Indivíduos previamente infectados pelo vírus da dengue apresentam mais que o dobro de risco de desenvolver leucemia em comparação com aqueles sem histórico de infecção pelo vírus. Os resultados do estudo realizado em Taiwan foram publicados no Cancer Epidemiology, Biomarkers & Prevention, periódico da Associação Americana de Pesquisa do Câncer (AACR). O hematologista Nelson Hamerschlak (foto), coordenador do Programa de Hematologia e Transplantes de Medula Óssea do Hospital Israelita Albert Einstein (HIAE), comenta o trabalho.
Segundo a Organização Mundial da Saúde (OMS), por ano ocorrem cerca de 390 milhões de infecções por dengue, e aproximadamente de 3,9 bilhões de indivíduos estão em risco de infecção em todo o mundo. A dengue é mais prevalente em climas tropicais e subtropicais, geralmente em regiões urbanas e semiurbanas, e a doença é endêmica em mais de 100 países. Nas últimas décadas, a incidência global da doença aumentou drasticamente, e o número de casos relatados à OMS aumentou aproximadamente seis vezes entre 2010 e 2016.
“Estima-se que aproximadamente 15% dos cânceres humanos em todo o mundo sejam causados por infecções potencialmente evitáveis", disse Guey Chuen Perng, primeiro autor do trabalho e professor da Universidade Nacional Cheng Kung, em Taiwan. "A dengue, apesar de geralmente autolimitada, pode resultar em perfis hematológicos anormais e supressão da medula óssea. No entanto, ainda não se sabe se as pessoas com infecção prévia pelo vírus da dengue têm maior risco de desenvolver leucemia. Agora, este estudo fornece a primeira evidência epidemiológica da associação entre infecção pelo vírus da dengue e leucemia", observa.
O estudo
Perng e colegas analisaram dados populacionais do National Health Insurance Research Database (NHIRD) em Taiwan. Entre 2002 e 2011, eles identificaram 12.573 pacientes infectados por dengue confirmados em laboratório. Cinco indivíduos sem histórico de infecção pelo vírus da dengue (controles) foram selecionados no NHIRD para cada caso de dengue, representando 62.865 indivíduos; os controles foram pareados por idade, sexo, área de residência e ano da infecção. O acompanhamento terminou em 31 de dezembro de 2015.
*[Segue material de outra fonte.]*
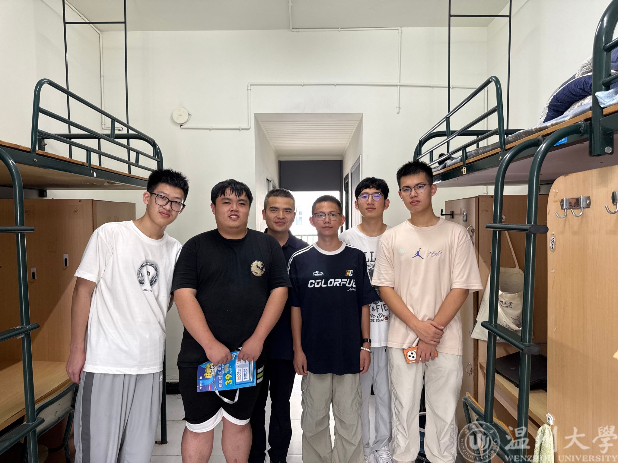 走访期间,学院领导与同学们亲切交流,细致关心大家开学后的生活适应情况,陈文远书记勉励同学们把握青春年华,扎实打好专业基础,不断提升综合能力,为未来成长奠定坚实根基。在谈到学业规划时,舒亮副经理指出,大一是老员工活的关键阶段,课业难度和学术要求将相对于高中进一步提高,他希望同学们端正态度、迎难而上,同时积极参与科创竞赛,以赛促学、拓展视野。翁浩副书记则就寝室氛围建设提出殷切期望,鼓励同学之间团结友爱、互帮互助,营造和谐融洽、共同进步的生活共同体。各位老师反复强调,要坚决守住安全底线,严禁在宿舍开展任何形式的宗教活动,持续维护整洁、文明、有序的住宿环境,切实保障身心健康与校园稳定。
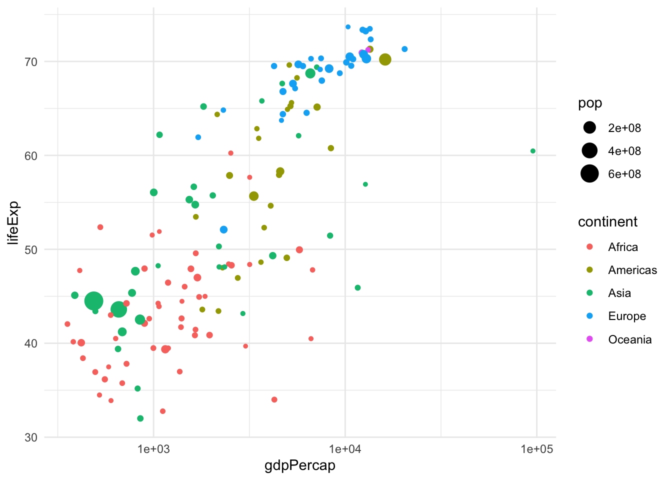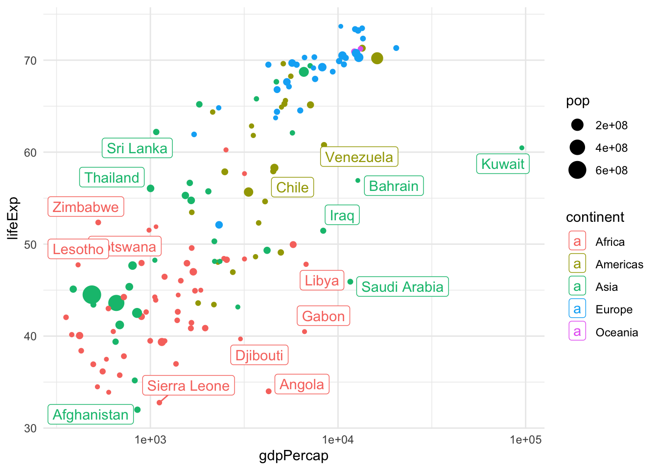 geom_density_2d) or hexagonal binning (geom_hex) to avoid overplotting. - Create a scatterplotof life expectancy vs. GDP per capita in 2007, with the point size proportional to population, color-coded by country, faceted by continent, adding text labels (hint: remove legend with
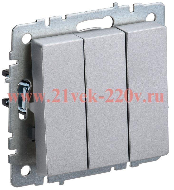 Механизм трехклавишного выключателя для скрытого монтажа IEK BRITE с клавишами цвета алюминий. BR-V30-0-10-K47
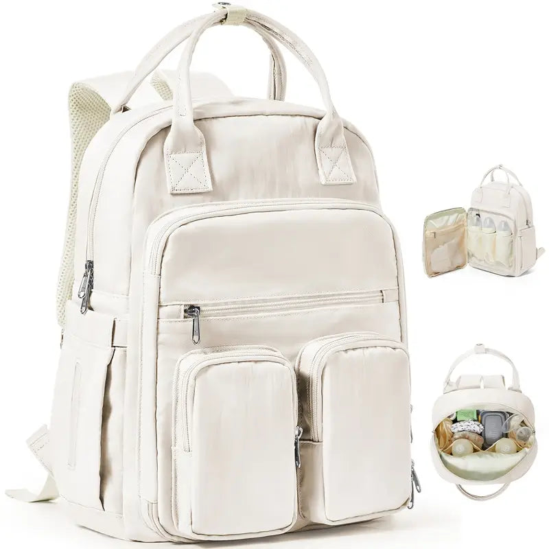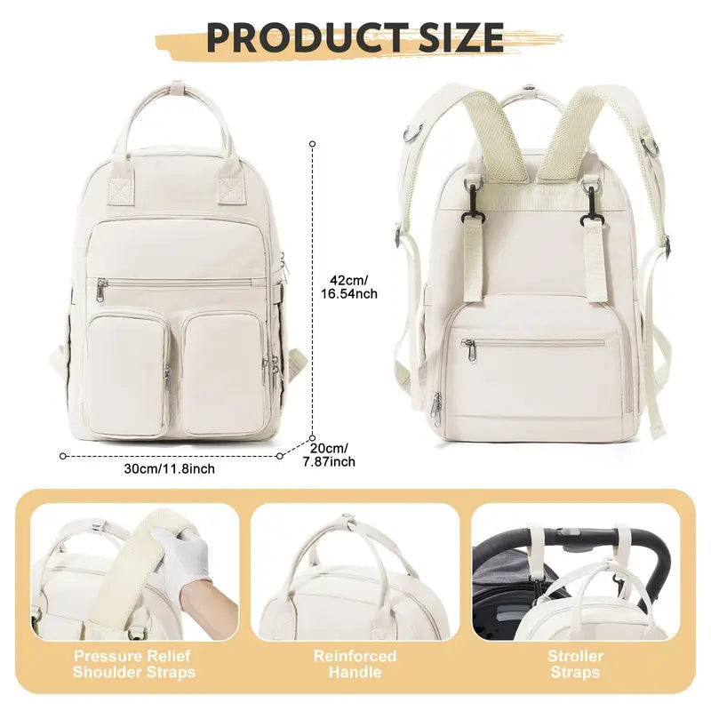 Reguleeritavad õlarihmad ja pehme seljatugi teevad kandmise mugavaks, samas kui minimalistlik ja neutraalne disain sobib nii emadele kui isadele. Vetthülgav nailonmaterjal on lihtne puhastada ja hoiab koti sisu kaitstuna.

Após controlar vários fatores, incluindo nível de renda mensal e comorbidades, os pesquisadores descobriram que aqueles com infecção prévia por dengue tinham mais do dobro do risco de desenvolver leucemia em comparação aos controles. Pacientes com dengue apresentaram maior risco de leucemia [HR ajustada, 2,03; 95% CI, 1,16–3,53]. Análises estratificadas por diferentes períodos de acompanhamento mostraram que a infecção pelo vírus da dengue estava significativamente associada a um maior risco de leucemia apenas entre 3 e 6 anos após a infecção (HR ajustada, 3,22; 95% CI, 1,25–8,32). Não foram encontradas associações significativas entre infecção prévia pelo vírus da dengue e o risco de linfoma ou outras neoplasias não hematológicas.
“O estudo é importante pois mostra uma evidência inicial de associação com HR de 2,0 em estudo caso controle. Como não conhecemos os gatilhos das mutações genéticas que causam leucemia, este dado deve ser melhor investigado em estudos em outras populações para verificar se os dados se validam”, afirma Hamerschlak. “Importante observar que devido a baixa frequência de leucemia entre populações afetadas e não afetadas por dengue, o achado deve ter sua importância analisada como primeira evidência, mas com muita cautela”, esclarece o especialista, professor livre-docente pela Faculdade de Medicina da Universidade de São Paulo (USP).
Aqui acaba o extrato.